There’s been a lot of confusion today about Slovakia’s role in passing a plan to expand the European Financial Stability Facility.
The tiny country is the last to vote on the EFSF, the linchpin of the second Greek bailout and the backstop against contagion spreading like wildfire throughout the eurozone.
For up-to-the minute updates, check out our live coverage of the decision.
Here’s what’s really going to happen in Slovakia today:
– Disagreement over the expansion plan lies within the parties of the governing coalition. Prime Minister Iveta Radicova, her SDKU-DS party, and two of the other three parties in her coalition are in favour of the EFSF plan. Together the three parties control 57 seats.
– The coalition’s Freedom and Solidarity Party (SaS) (22 seats) disagrees with the EFSF expansion in principle, and has conceded that it will only pass the plan if provisions for a permanent replacement to the EFSF — the European Stability Mechanism — are omitted. This is unacceptable to both Europe and the rest of the governing coalition. The SaS has threatened to abstain from the vote.

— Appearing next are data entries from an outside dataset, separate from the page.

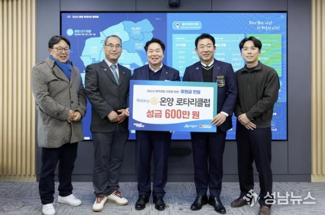 (성남뉴스) 온양 로타리클럽은 12일 아산시(시장 오세현)를 방문해 지역 내 취약계층 지원을 위한 성금 600만 원을 기탁했다.
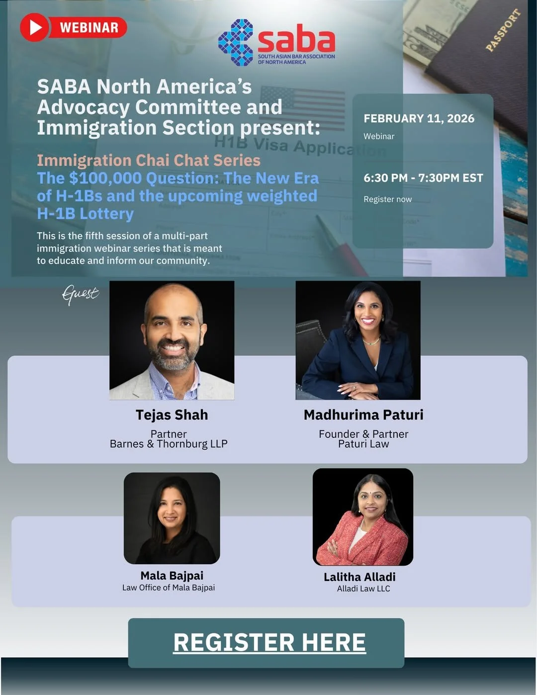 Join SABA North America’s Advocacy Committee and Immigration Section for the latest installment of our Immigration Chai Chat Series—just in time for H-1B season.
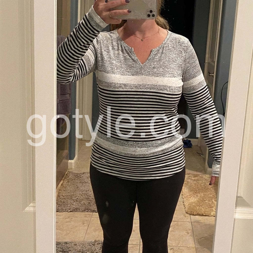 Fits perfectly and true to size. The v-neck isn't too low, which I appreciate. The long sleeves make it perfect for fall weather. I've received so many compliments on the heathered grey and stripe combination.
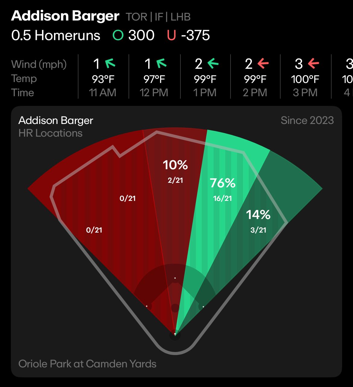 And then there’s the weather in Baltimore. It’s hot, and we mean really hot. It’s over 100 degrees at Camden Yards, with virtually no wind. If Barger connects, the ball will fly in that heat. Let’s hope he connects.
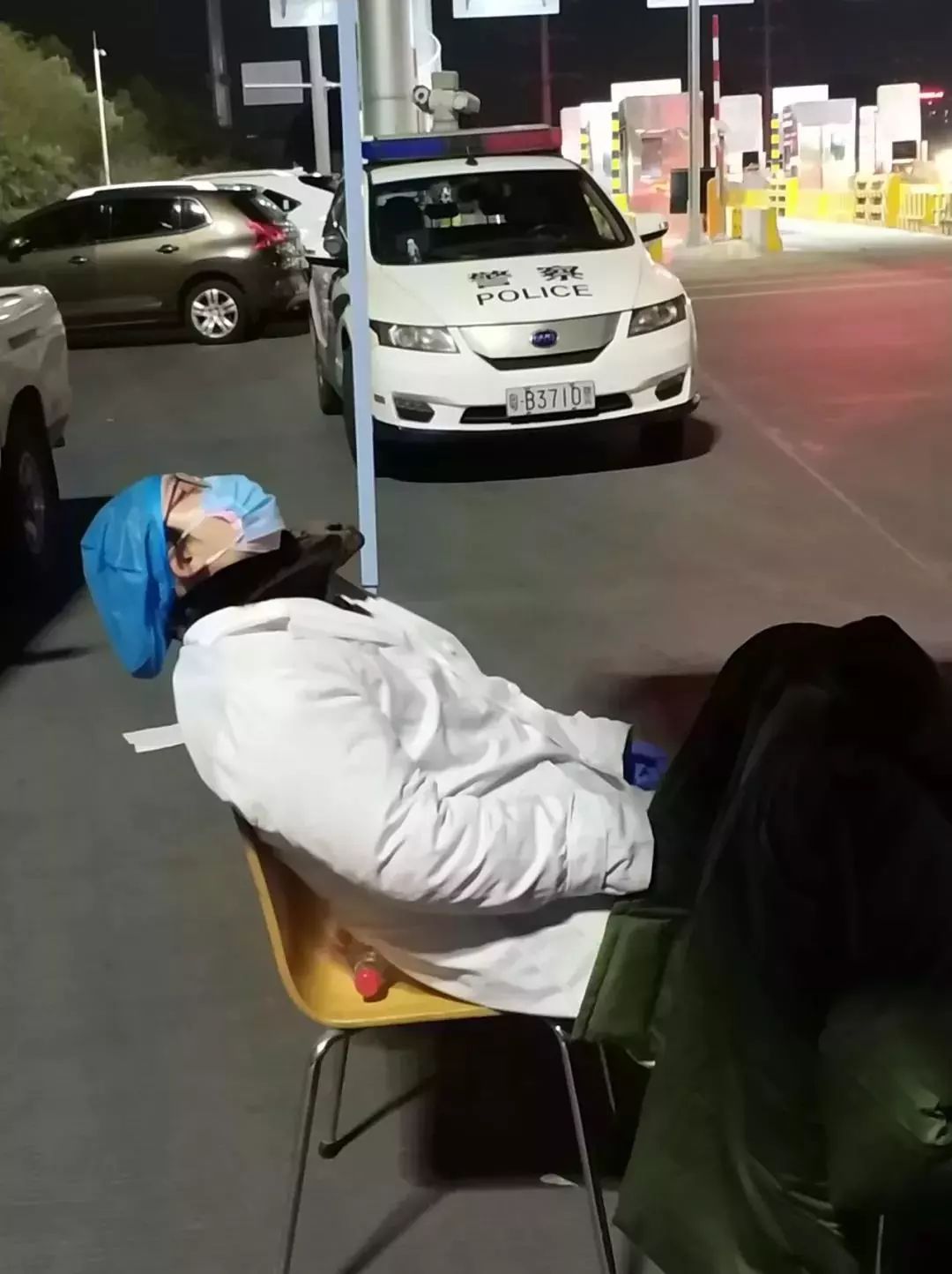 “我们采取轮班制,因高速路口车流量大,除了吃饭喝水,其余时间都在给返深人员检测体温。”照片拍摄者陈伟标说。他也是慢性病防治中心的医生,同是这次检疫一线的医务人员,看到在寒夜中连续站立工作近7个小时的南月丽,疲惫地仰靠在椅子上休息,心中的触动让他留下了这个珍贵瞬间,也成了防控疫情一线医务人员的真实写照。
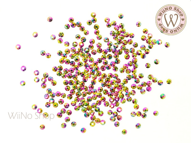 Neon Yellow Iridescent Round Flatback Crystal (ss6-ss30)
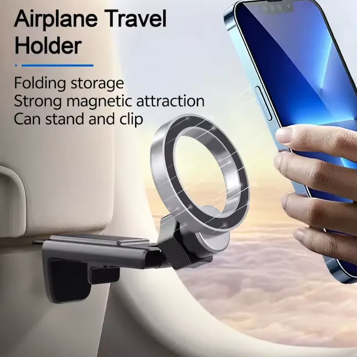 Suporte magnético para grudar celular no avião.
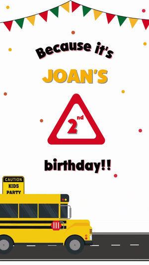 Celebrate with fun on the move using our Wheels on the Bus Birthday Video Invitation — a playful blend of bright colors, cheerful bus elements, and sing-along vibes. This adorable digital invite captures joy, music, and kid-friendly excitement. Perfect for a fun-filled, lively, and memorable birthday celebration. Set the tone for a happy and unforgettable ride.
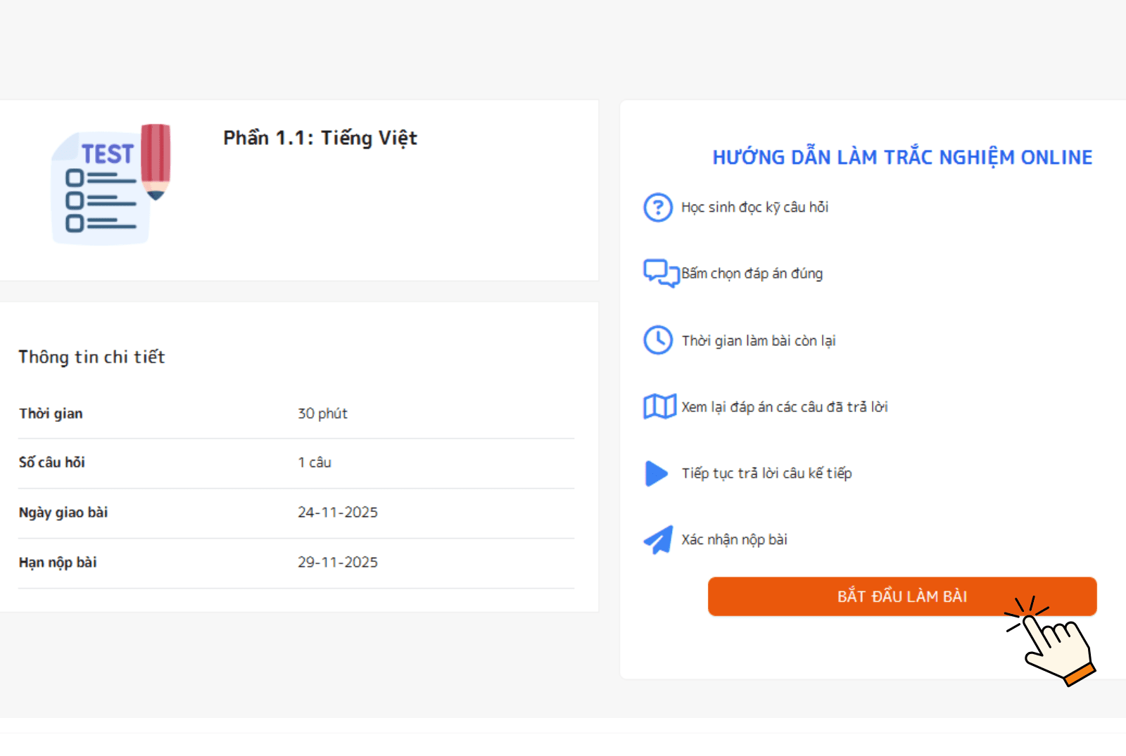 • Bước 3: Thực hiện bài tập, chọn đáp án và nộp bài theo thời gian quy định.
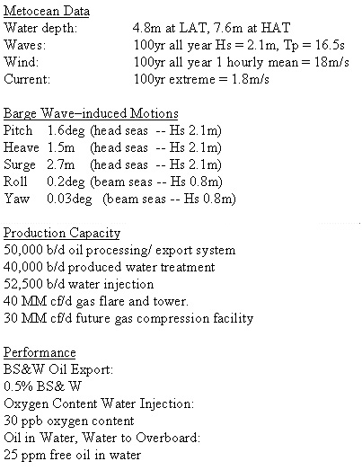 For a number of reasons including; safety of repeated offload operations in shallow ‘inshore' waters, operational and conversion costs, schedule, local support infrastructure and local contract requirements (NNPC), Brass opted to proceed with the barge mounted production facility. A number of deviations to this option were proposed including crude storage and the inclusion of gas treatment and compression facilities. However an export route to the nearby OPL98 block FPSO was negotiated releasing the requirement for onboard storage and the decision for gas compression was partially executed as a design only case, with the facilities themselves scheduled for installation in the future.
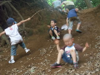 |  | 私はといえば、みんなが駆け上る急な崖を登り。そしてズズズズッっと滑り降りて、泥まみれ。 |
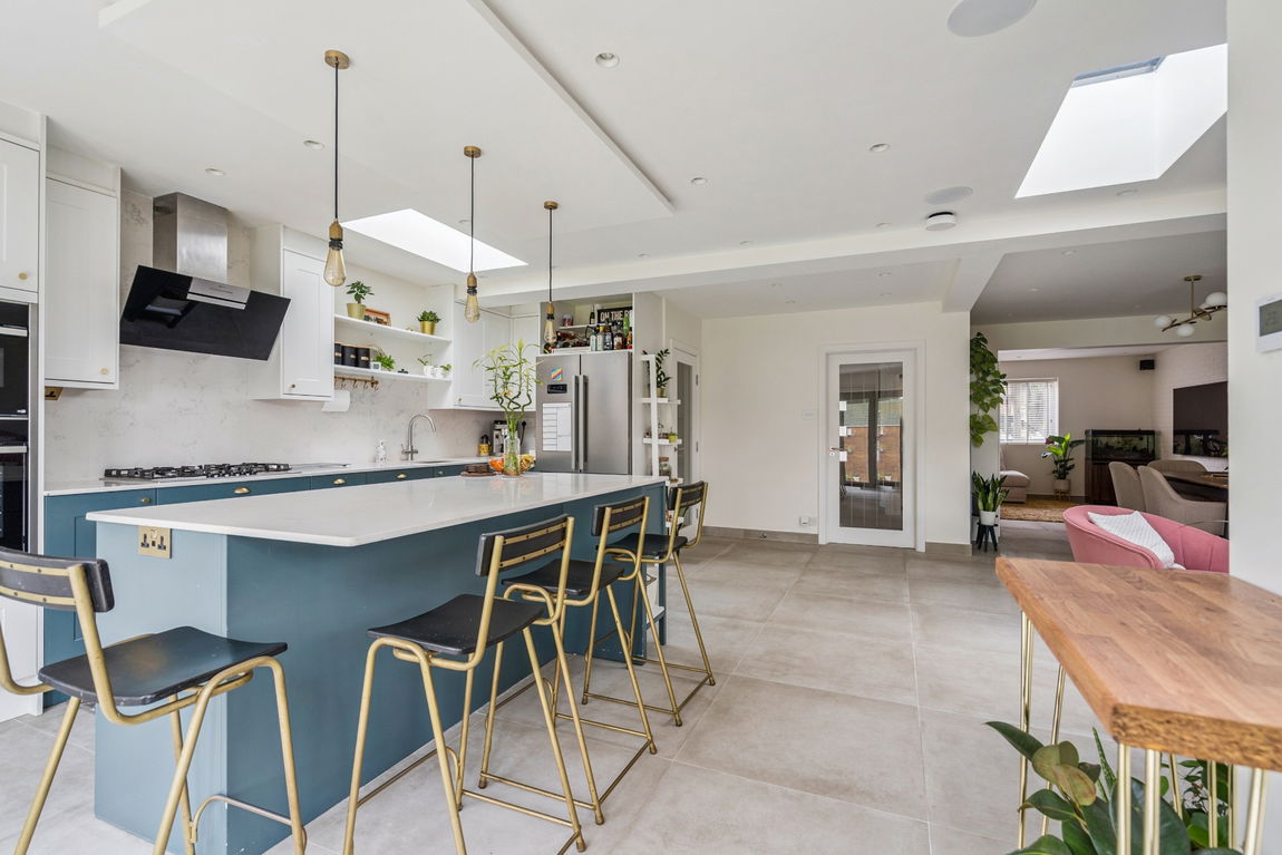 A stylish and beautifully presented four/five bedroom, three bathroom, extended property offering on-trend open-plan living, with the added benefit of an outbuilding, ideal for a garden office or home gym. This superb home provides a total of 2,138sq. ft., perfect for growing families, with the convenience of local amenities, schools and transport links nearby.

– Robert Fico — the head of the popular opposition party Smer (62 seats) — said that although his party will not approve the plan on a first vote, it does agree with the EFSF expansion in principle.

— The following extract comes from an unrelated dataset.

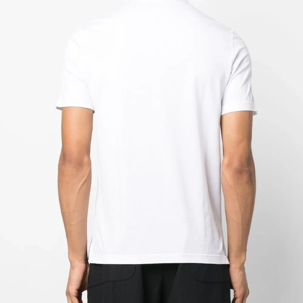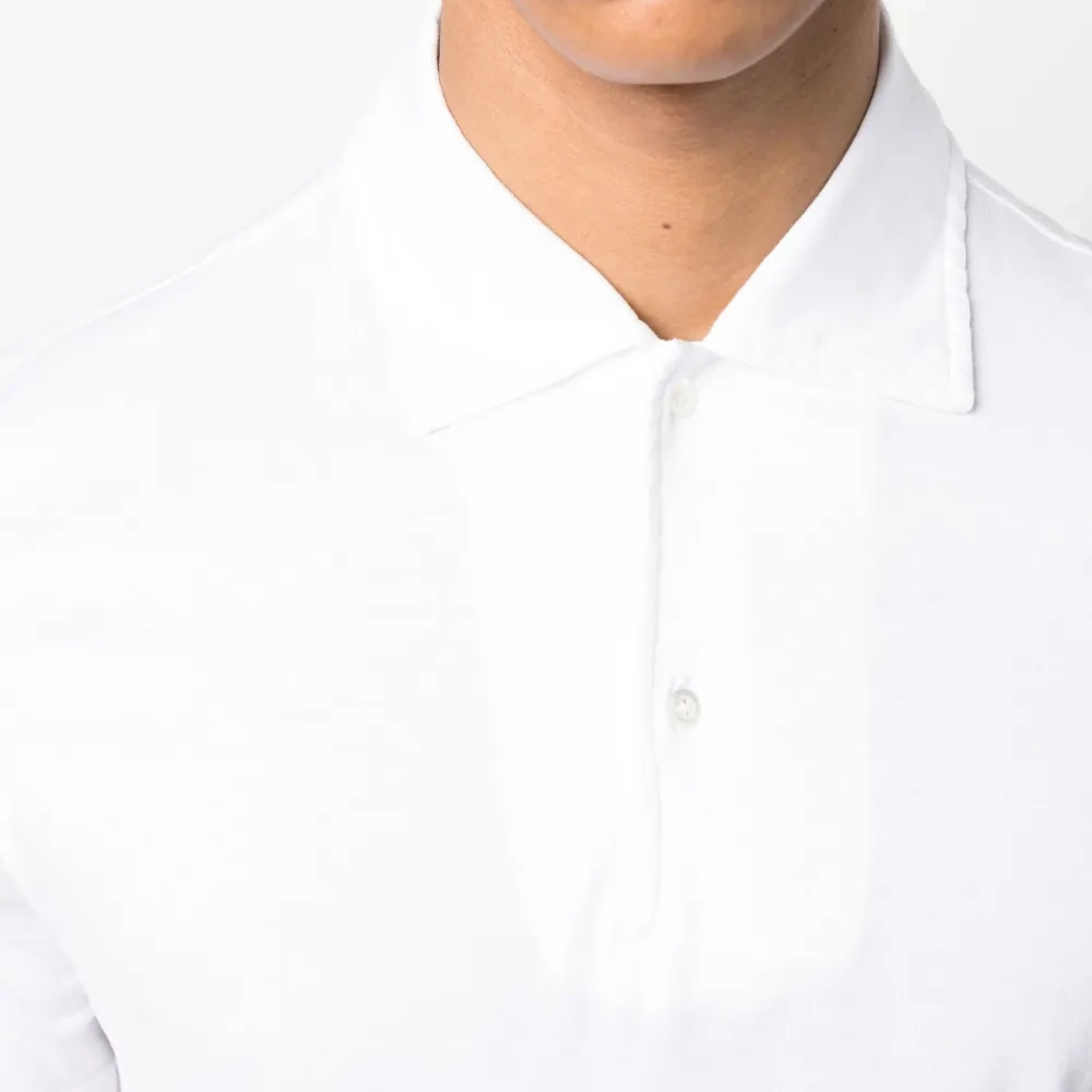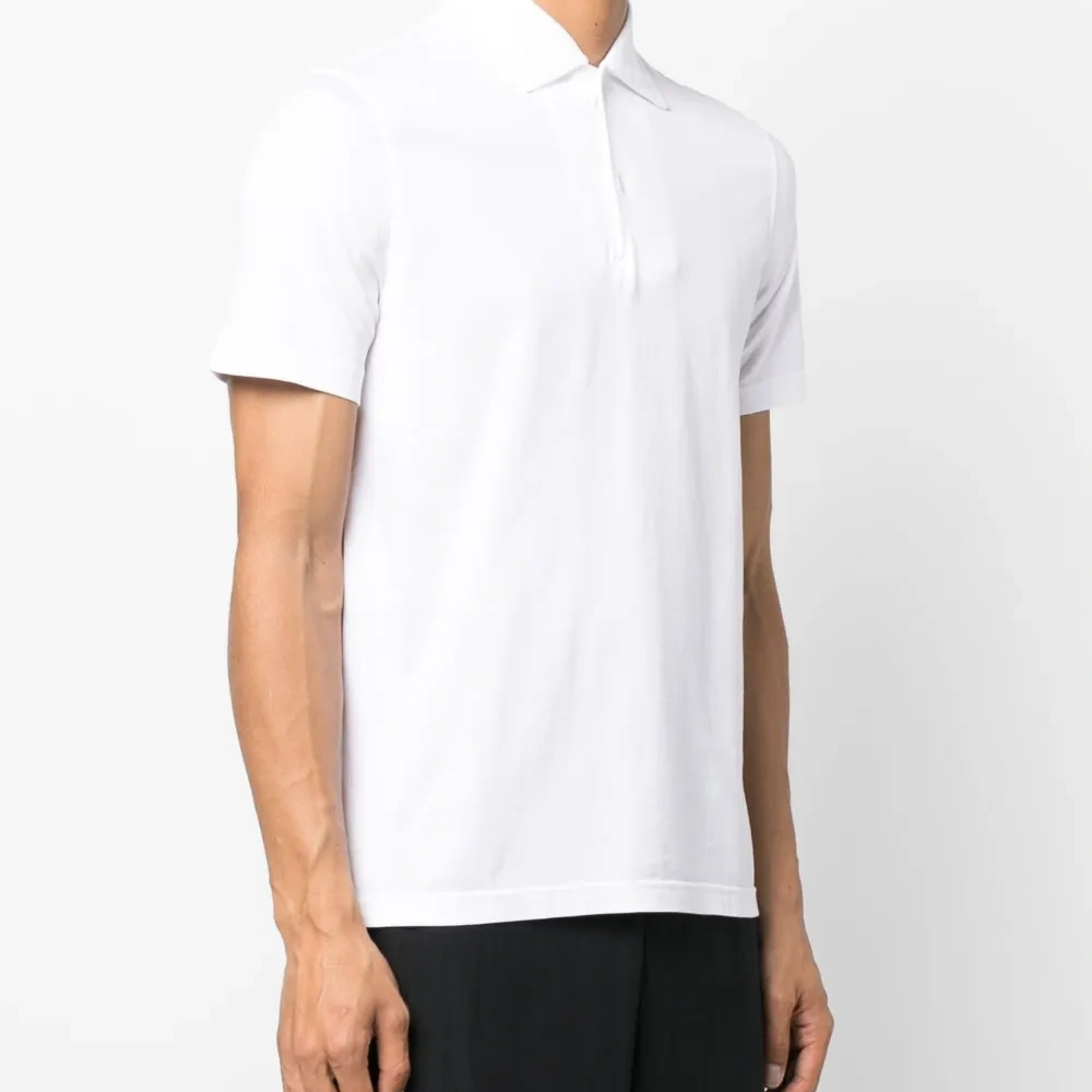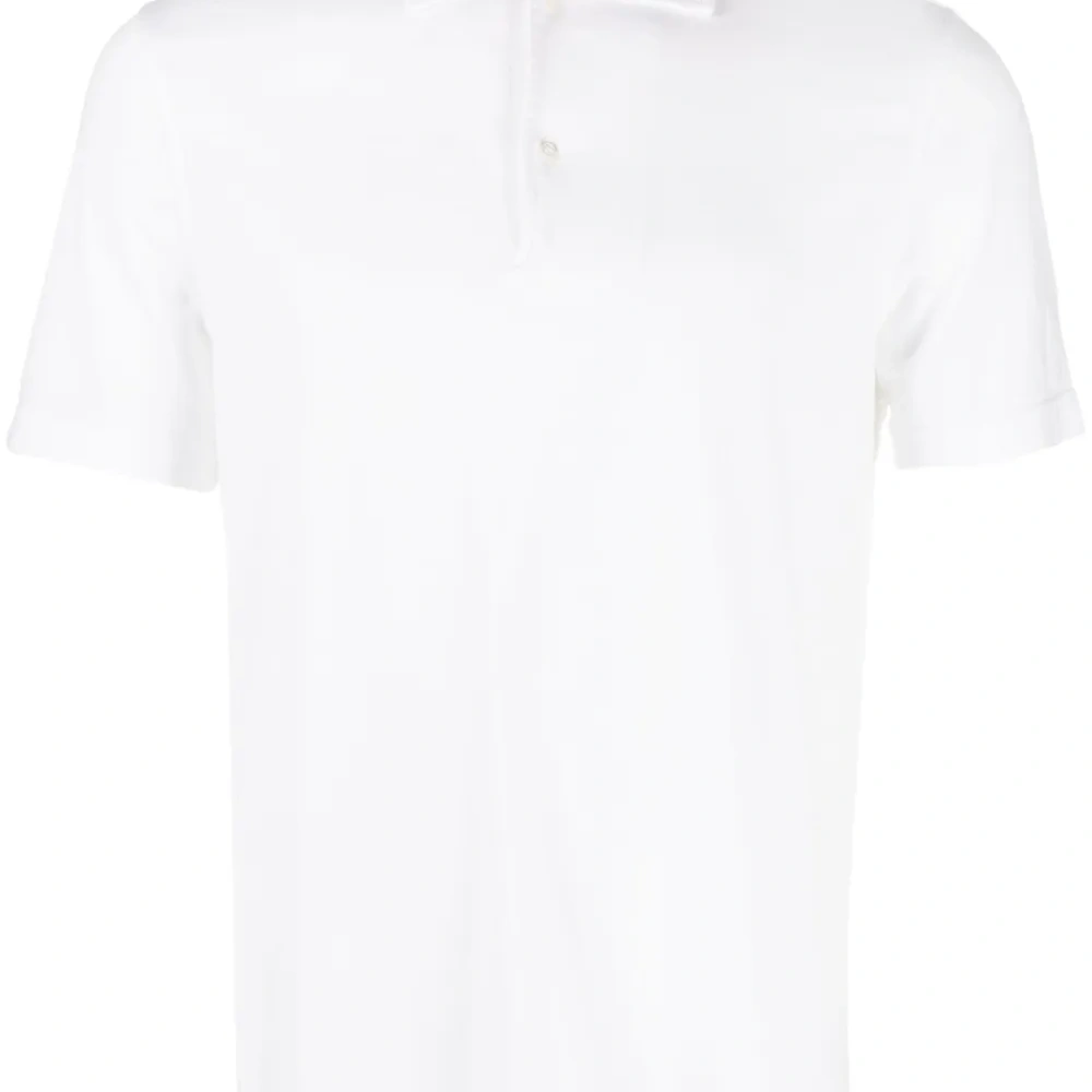 Молочно-белый, хлопок, воротник поло, планка на пуговицах спереди, короткие рукава и прямой подол.

– Fico has told the press that his party will affirm the plan on a later vote, but that such an agreement will entail the dissolution of the governing coalition. He said during the debate, “We say no” to the current government but “We say yes” to the EFSF. U.S. markets went positive on this.
– Without full accord from the coalition, coalition votes in favour of the plan will not outnumber Smer’s nays in the first vote.

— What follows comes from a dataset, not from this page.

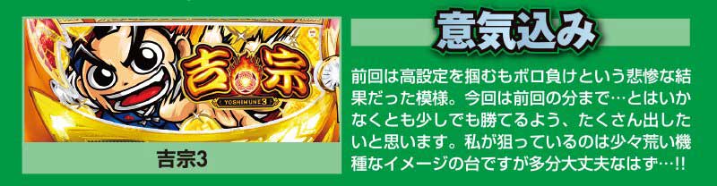 ちなみに、私が押さえたのは新台の「吉宗3」。新台初日なので設定推測などの詳細は出ていませんが、BIGを引ければ期待値711枚と楽しそうな台なのは間違いない。とにかくBIGを引くことに専念して頑張ります。

– PM Radicova has said that a second vote will be a confidence vote. The Smer party will not vote in favour of this.
– Radicova will eventually seek support from the Smer party in exchange for toppling the government, and a Smer-approved vote will pass overwhelmingly.
– The success of the EFSF plan now appears assured. Pressure from Europe is too great not to pass the plan for the sake of maintaining the government, particularly when consensus within the parliament favours approval.
– Unless the SaS does a last-minute about-face, the EFSF will pass and the governing coalition in Slovakia will fall.